Ironisnya, kini Dahlan Iskan harus menggugat perusahaan yang ia besarkan sendiri, bahkan hanya untuk mendapatkan dokumen yang dahulu ia tinggalkan di kantornya. Perselisihan hukum ini juga menyiratkan adanya ketegangan internal yang sudah lama terpendam di antara para pemegang kuasa di Jawa Pos. Isu suksesi kepemimpinan dan kekhawatiran para pemegang saham terhadap arah perusahaan juga disebut-sebut menjadi bagian dari dinamika yang melatarbelakangi konflik ini.

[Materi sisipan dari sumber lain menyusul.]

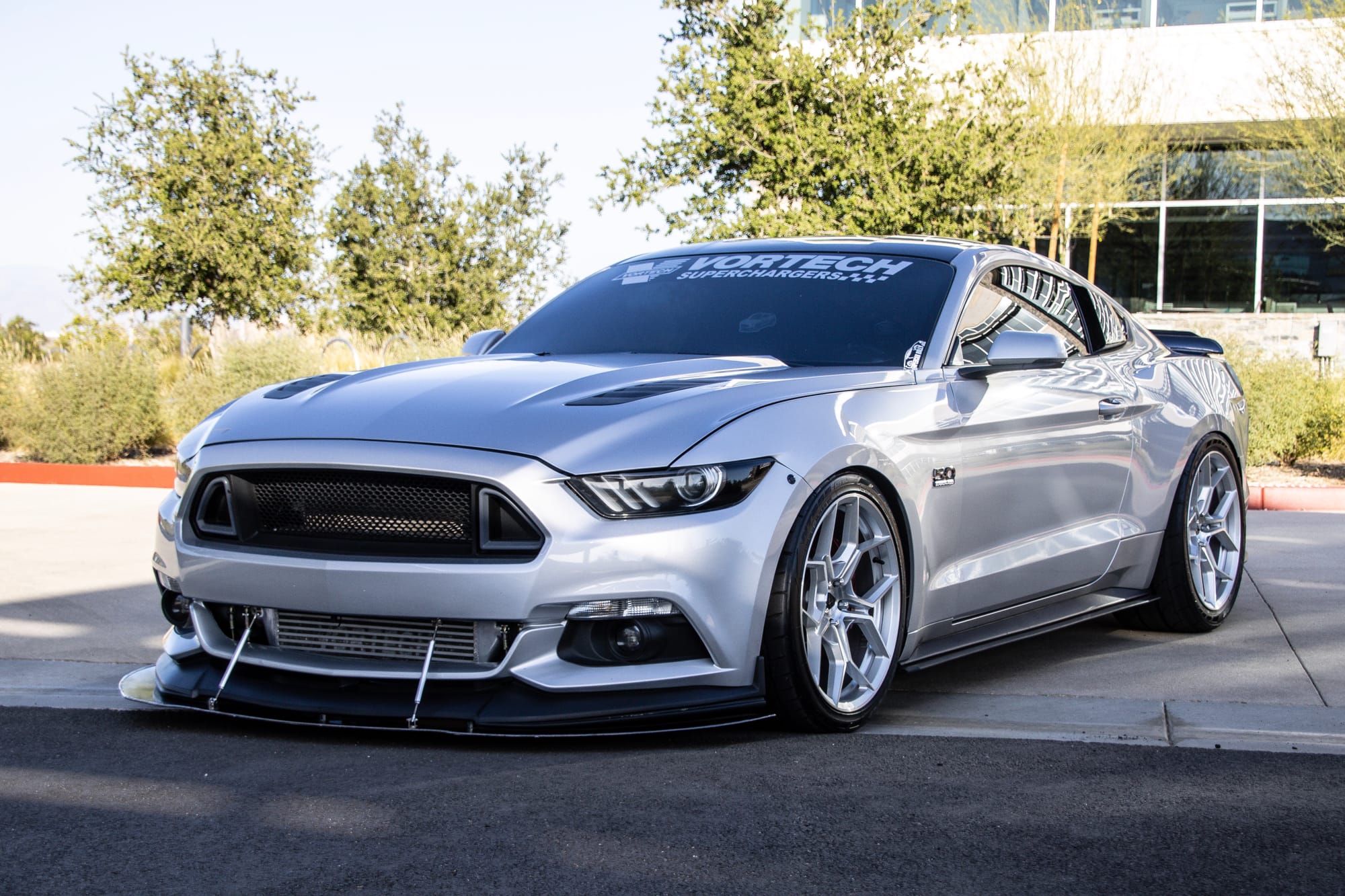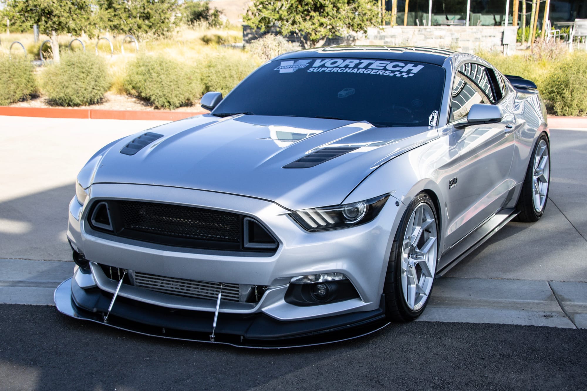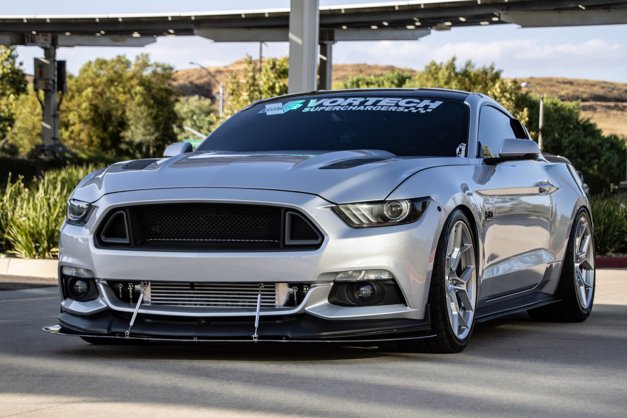 727whp 2016 Ford Mustang GT Premium in Ingot Silver with 78,000 miles for sale! Powered by a gen-II 5.0L Coyote that’s paired with a Vortech V-3 SI tuner kit, and mated to a Calimer 26 spline Stage 3 MT-82 6-speed manual transmission with a McLeod RXT 1200 twin disc clutch/flywheel. This S550 features a myriad of modifications, including MMR oil pump gears/crank sprocket, Max Flow Race BOV, polished intercooler, BBK long tube headers/catless x-pipe, Corsa Xtreme catback, GT350 half shafts, J-Fiber carbon fiber driveshaft, numerous Steeda components, several aesthetic upgrades, and more. Modifications were installed by the owner/PKauto/Ramzy, and tuning was handled by a very reputable performance shop in California with an output of 727whp. The fuel system was maxed out at this level, once the car is upgraded to a full return style fuel system with a fuel pressure regulator, it will make 850whp on E85 with a 3.33” pulley. The car is currently running full E85, the owner has the 3.33” pulley in hand. Only 5K miles on the modifications! Clean title!

Apa Selanjutnya? Proses Hukum Berlanjut
Saat ini, PT Jawa Pos masih menunggu surat resmi dari pengadilan mengenai permohonan PKPU tersebut. Namun, mereka memastikan siap menghadapi seluruh proses hukum dan tidak segan mengambil langkah hukum lanjutan jika ada tuduhan yang dinilai mencemarkan nama baik atau memutarbalikkan fakta.
Gugatan Dahlan Iskan terhadap Jawa Pos ini menjadi babak baru yang menarik perhatian banyak pihak, terutama dalam konteks hubungan antara pemegang saham dan perusahaan media besar nasional. Kasus ini juga menggambarkan bagaimana sengketa hukum bisa muncul bahkan di antara pihak-pihak yang memiliki sejarah panjang dan kontribusi besar terhadap sebuah institusi.
Baik gugatan PKPU maupun sengketa akses dokumen akan terus bergulir di Pengadilan Negeri Surabaya. Hasil dari proses hukum ini akan menjadi penentu babak akhir dari kisah panjang hubungan Dahlan Iskan dan Jawa Pos. Mari kita ikuti perkembangannya.